Example Plain Text Query

Let's consider the following plain text query:

Find users with name John Doe

This natural language query will be used as input for the query generation process.

Pseudo-code for Query Generation

function generateQuery(plainTextQuery):
connect to Neo4j
connect to GQLPT client

create embedding for plainTextQuery
retrieve relevant schema nodes from Neo4j

create partial GraphQL schema from relevant nodes

use GQLPT to generate query based on partial schema and plainTextQuery

return generated query and variables

Neo4j Query for Retrieving Relevant Nodes

MATCH (n:SchemaNode {schemaHash: $schemaHash})
WITH n, gds.similarity.cosine(n.vector, $queryVector) AS similarity
ORDER BY similarity DESC
LIMIT 20
RETURN n.definition, n.kind, n.name, similarity

In this query, $queryVector would be the embedding of our plain text query "Find users with name John Doe".

Creating a Partial Schema

To create a partial schema from the retrieved nodes:

  1. Parse the definition of each retrieved node.
  2. Create GraphQL types for each node using a library like graphql-js.
  3. Assemble these types into a GraphQLSchema object.

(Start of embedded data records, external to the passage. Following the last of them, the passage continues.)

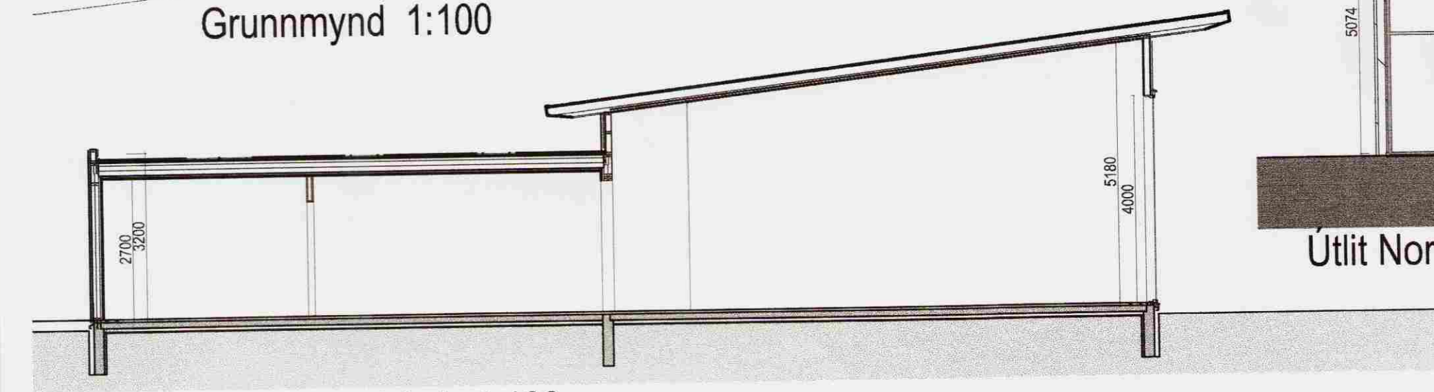
Skurðmynd A-A 1:100
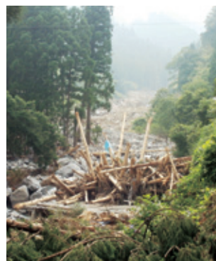
平成24年九州北部豪雨での土砂災害
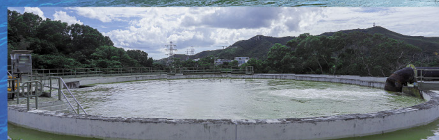
上水濾水廠 東江原水

此工程計劃是從西江水系引水至珠江三角洲東部地區，包括廣州南沙、深圳及東莞，提供新水源以舒緩這些地區對東江水的需求。工程在2023年底完成後，可提高東江水對港供水的保障能力。
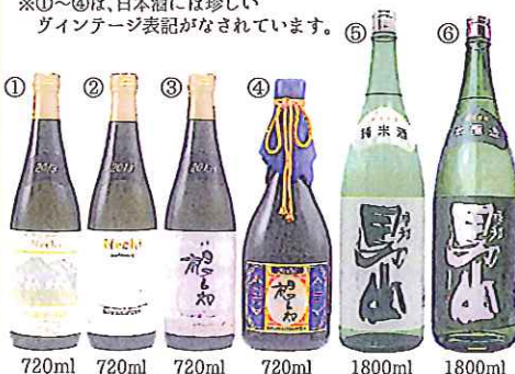
①~④は各担当営業までお問い合わせ下さい。
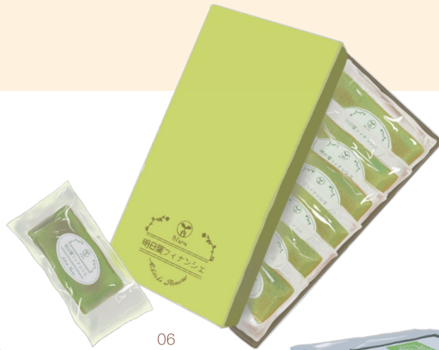
明日葉 フィナンシェ

自家栽培の明日葉と良質な国産バターを生地にたっぷり練り込み、風味豊かに焼き上げた明日葉農家のフィナンシェ。鮮やかなグリーンも目を惹きます。
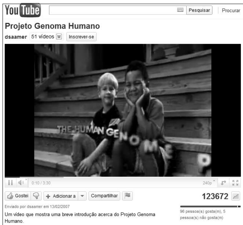
Figura 8: Demonstração do comportamento dos genes promovendo as diferentes características. ( http://youtu.be/Bu6rbC2cnTM )

Todos estes vídeos tentam demonstrar a estrutura do DNA em um formato 3D para uma melhor compreensão desta complexa estrutura. É impossível observar o DNA a olho nú e em microscópio óptico. O DNA é formado pela união de duas fitas, cada fita é formada pela união de nucleotídeos, nas extremidades dos nucleotídeos são onde ocorre as ligações, o nucleotídeo é formado por um fosfato, uma pentose e uma base nitrogenada. Os fosfatos se ligam formando os dois lados da fita de DNA e essas fitas se ligam pelas bases nitrogenadas, que são: Adenina, Timina, Citosina e guanina e a sequência dessas bases formam o código genético (AMABIS e MARTHO, 2004).
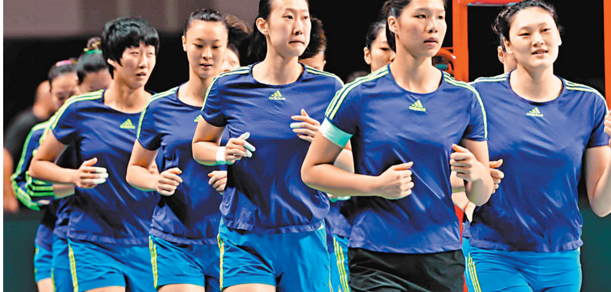
■中國女排積極備戰亞錦賽。
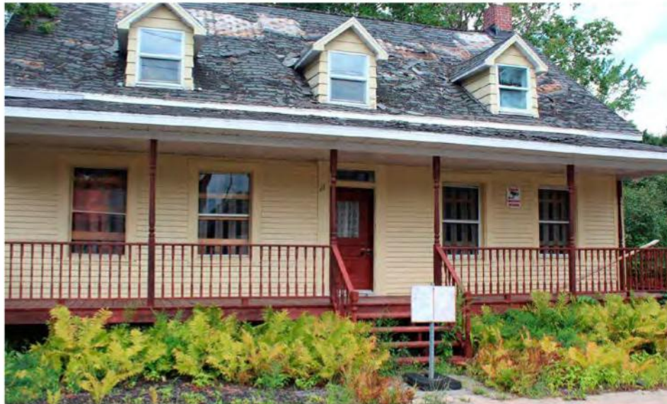
La maison Beauchamp vit certainement ses dernières semaines.

Pour autant, le permis n'a pas encore été délivré au promoteur qui souhaite occuper le terrain. « Le nouveau projet est
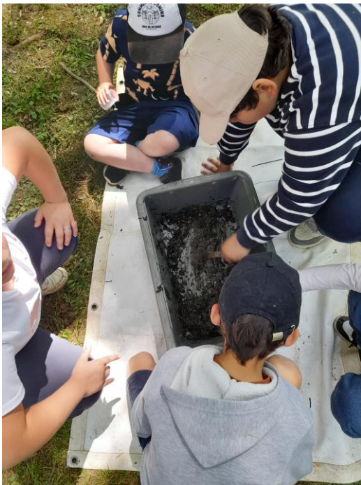
Pêche de petites bêtes à l'aide d'épuisettes

Bilan de l'année et prolongements : ce projet a tout d'abord permis aux élèves d'acquérir des connaissances spécifiques sur les animaux et végétaux autour et dans la Touvre. Les élèves, ayant été sensibilisés à cette biodiversité, sont désormais plus observateurs lorsque nous sortons de l'enceinte de l'école .
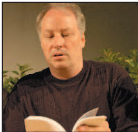
Joe R. Lansdale
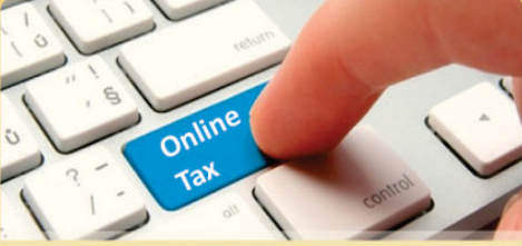
ऑनलाईन टॅक्स सुविधा
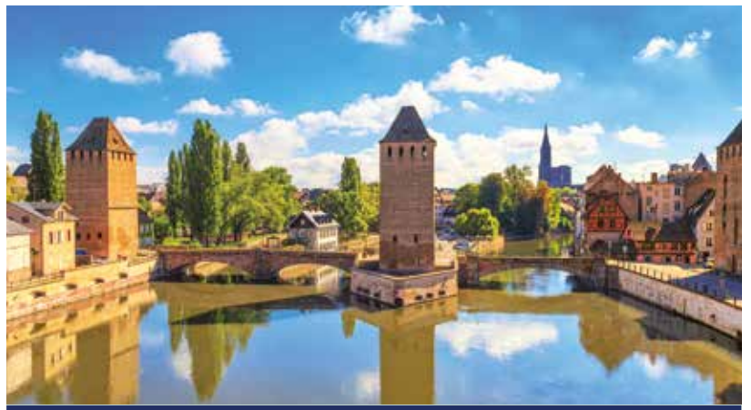
Ponts-Couverts – Überbleibsel der Stadtmauer in Straßburg
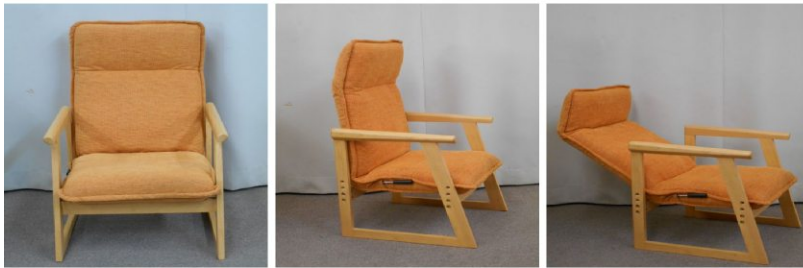
イス(リクライニング式)
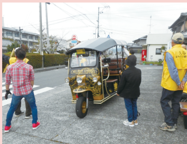
■ トゥクトゥク三輪車による久谷巡り

また、フリーマーケットや地域包括支援センターによる健康相談所も開設し来場者にフェスタを楽しんで頂きました。
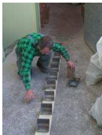
Przygotowanie zawodowe w zakładzie przetwórstwa zbożowego

Aby dokonać zmiany nastawienia potencjalnych pracodawców do osób pozostających bezrobotnymi przez dłuższy okres czasu, projektodawca zorganizował dla uczestników projektu szkolenia zawodowe, które miały na celu nabycie nowych lub aktualizację dotychczasowych kwalifikacji. Beneficjenci ostateczni mogli skorzystać ze szkoleń: kucharz małej gastronomii, szwaczka tapicerska, kurs komputerowy ze specjalnością graficzną z zakładaniem stron internetowych, kurs komputerowy ze specjalnością księgowo – magazynową, operator wózków jezdniowych oraz opiekunka osób starszych, chorych i dzieci.
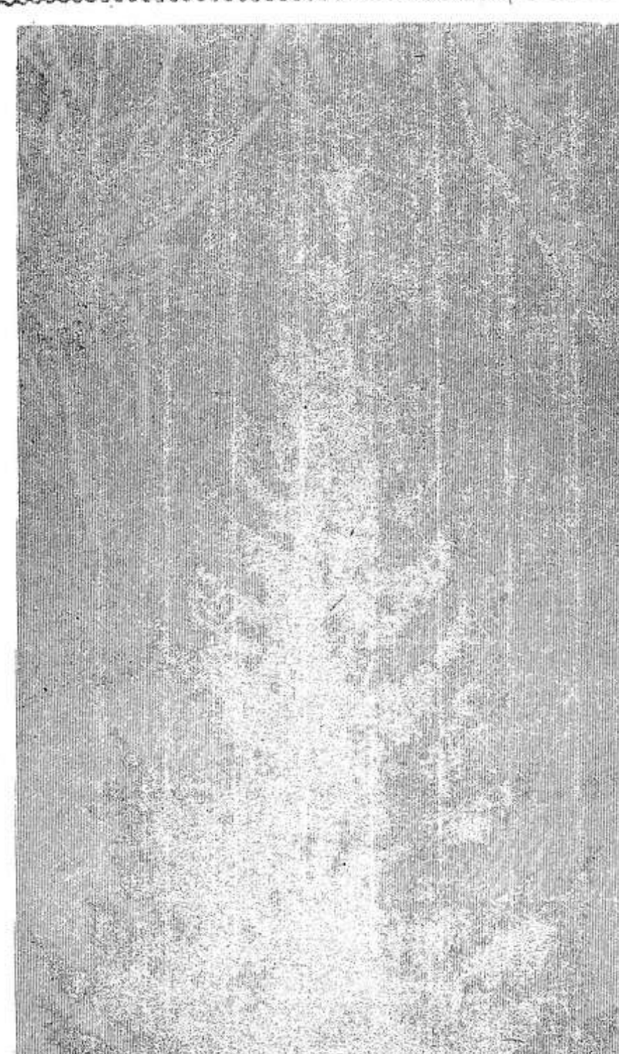
«Она на праздник к нам пришла Раскидистая и молодая».
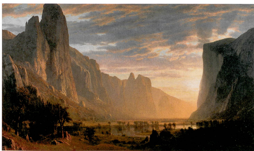
La vallée de Yosemite, un site exceptionnel à la beauté préservée (Albert Bierstadt : « Looking Down Yosemite Valley », 1865).
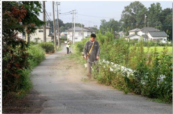
▲水分を補給しながらの除草作業お疲れ様
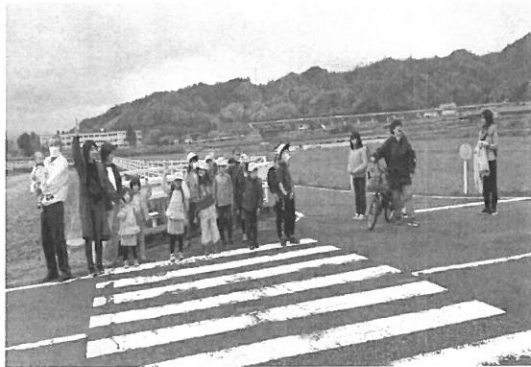
《長谷と倭文の登校班》

中学生は、21人です。倭文と倭文西の生徒以外は自転車通学となりました。自転車通学の生徒は小学生が歩いていると自転車を降りて歩きます。その理由を聞くと「歩行者がいるときは自転車を降りる」というルールがあるそうです。その他にも交差点では降りて横断歩道を歩いて渡るルールがあるようです。個人的には歩行者や車に気をつけて乗れば良いと思いますが、ルールをしっかりと守る姿勢に拍手を送りたいと思います。
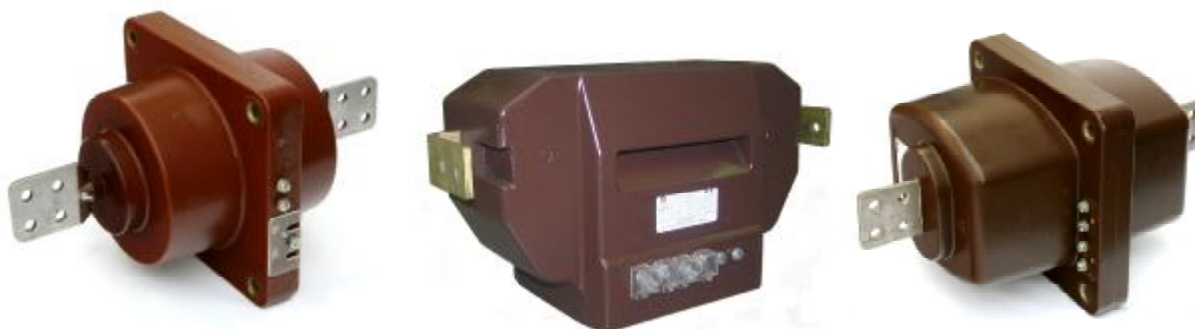
Рисунок 1 - Фотографии общего вида трансформаторов тока ТПЛ-СЭЩ-10

Принцип действия трансформаторов тока основан на явлении электромагнитной индукции переменного тока.
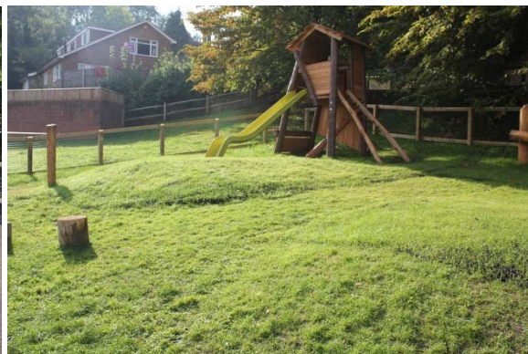
Wygląd po 4 tygodnie.
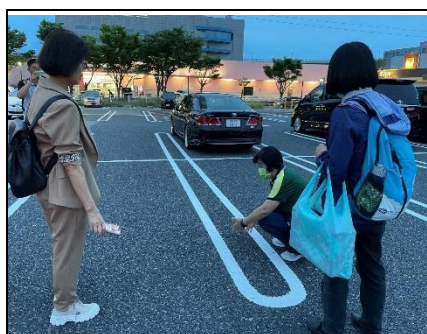
圖一、停車格劃設間隔設計

十、從日本街道整潔及垃圾桶設置可發現日本環保意識，日本街道上很少設置垃圾桶，如有設置垃圾桶，一般都會分類，而不能亂丟垃圾和丟垃圾時垃圾要分類的觀念，從小就在日本人的觀念中，日本垃圾基本上就會分為可燃垃圾、不可燃垃圾、保特瓶·鋁罐·玻璃瓶、紙類等等，這樣分類不僅提升了資源回收率還減少對環境的負擔，而日本環保教育從小做起值得我們借鏡及反思。(圖七)
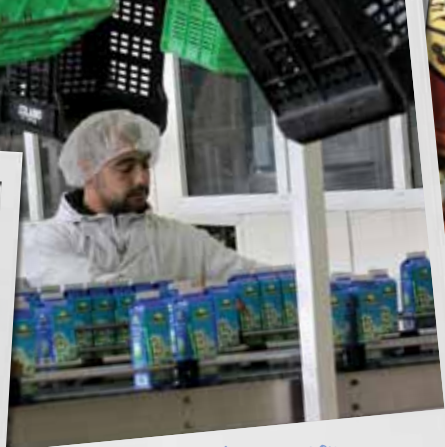
De inpakafdeling in een melkfabriek in Oujda
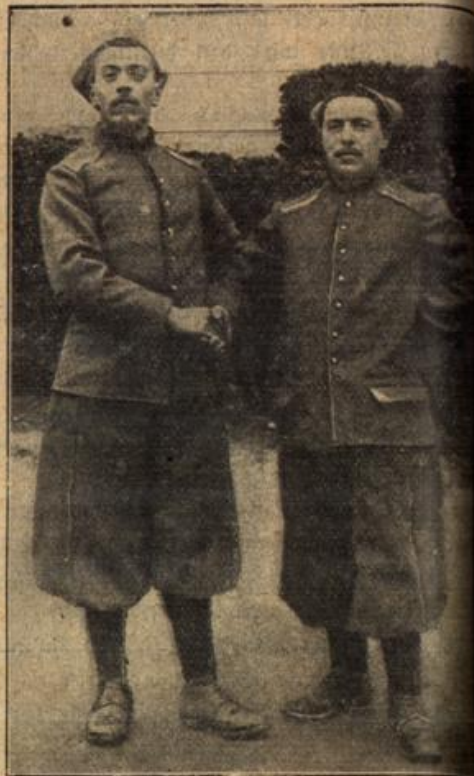
Die neue französische Zouavenuniform.

forderte seine besten Juristen auf, Gegenteil zu verteidigen. Der Schluß, daß Holland sich erschöpfte und reichsten Kolonien verlor. Holland wundert die englische Regierung, kann aber das Gefühl des Mißtrauens
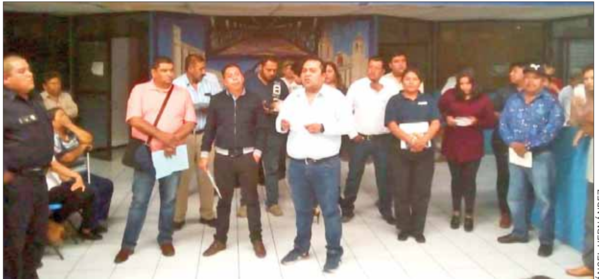
PRETEXTOS. Argumentó el alcalde que el problema delincriminal deriva de lucha contra huachicoleo.
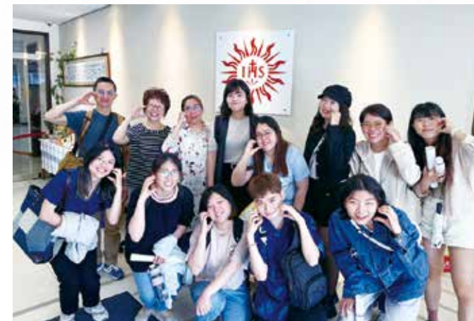
2025 年台北市立大學繪畫工作坊師生合影： 參加者體驗如何透過藝術表達信仰
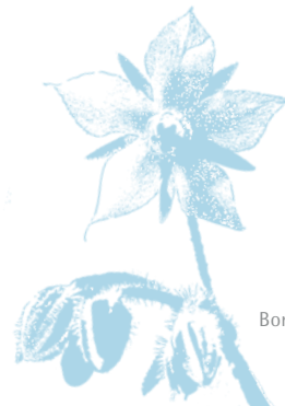
Borretsch - Borago officinalis
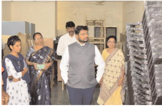
వారం రోజుల్లో పనులు పూర్తి చేయాలి
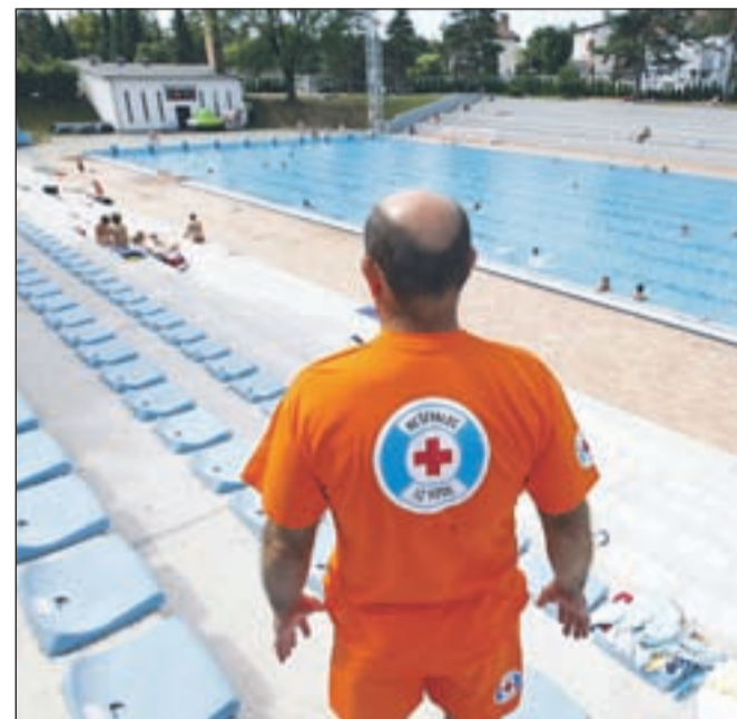
Policisti so tudi letos preverjali varnost na gorenjskih kopališčih.

Upoštevanje opozoril je še posebej pomembno za otroke. Starši naj med kopanjem otrok ne puščajo brez nadzora, pripetijo se jim lahko tudi drugačne neprijetnosti, kot so padci, zvin ali zlomi okončin, odrgrnine in podobno. Zato priporočajo stalen nadzor; če svojega otroka ne
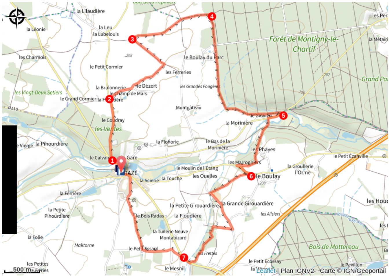
Synthèse communale (A)
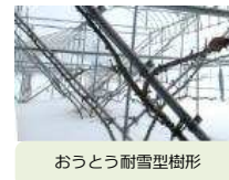
おうとう耐雪型樹形

Pseudo-code for creating a partial schema:

function createPartialSchema(relevantNodes):
typeMap = {}
for node in relevantNodes:
if node is ObjectType or InputObjectType:
parse node definition
create GraphQL type
add to typeMap

schemaConfig = {
query: typeMap["Query"],
mutation: typeMap["Mutation"] // if exists
}

return new GraphQLSchema(schemaConfig)

This partial schema, along with the original plain text query "Find users with name John Doe", is then used by GQLPT to generate the final GraphQL query.

Benefits

  • Improved query relevance by focusing on the most similar parts of the schema.
  • Faster query generation for large schemas by reducing the context size.
  • Better handling of complex schemas with many types and fields.

Considerations

  • Regularly update the embedded schema when your GraphQL schema changes.
  • Fine-tune the similarity threshold and the number of retrieved nodes for optimal performance.
  • Monitor and optimize Neo4j queries for large schemas to ensure quick retrieval.

By implementing this Vector RAG system with GQLPT, you can significantly enhance the quality and relevance of generated GraphQL queries, especially for large and complex schemas.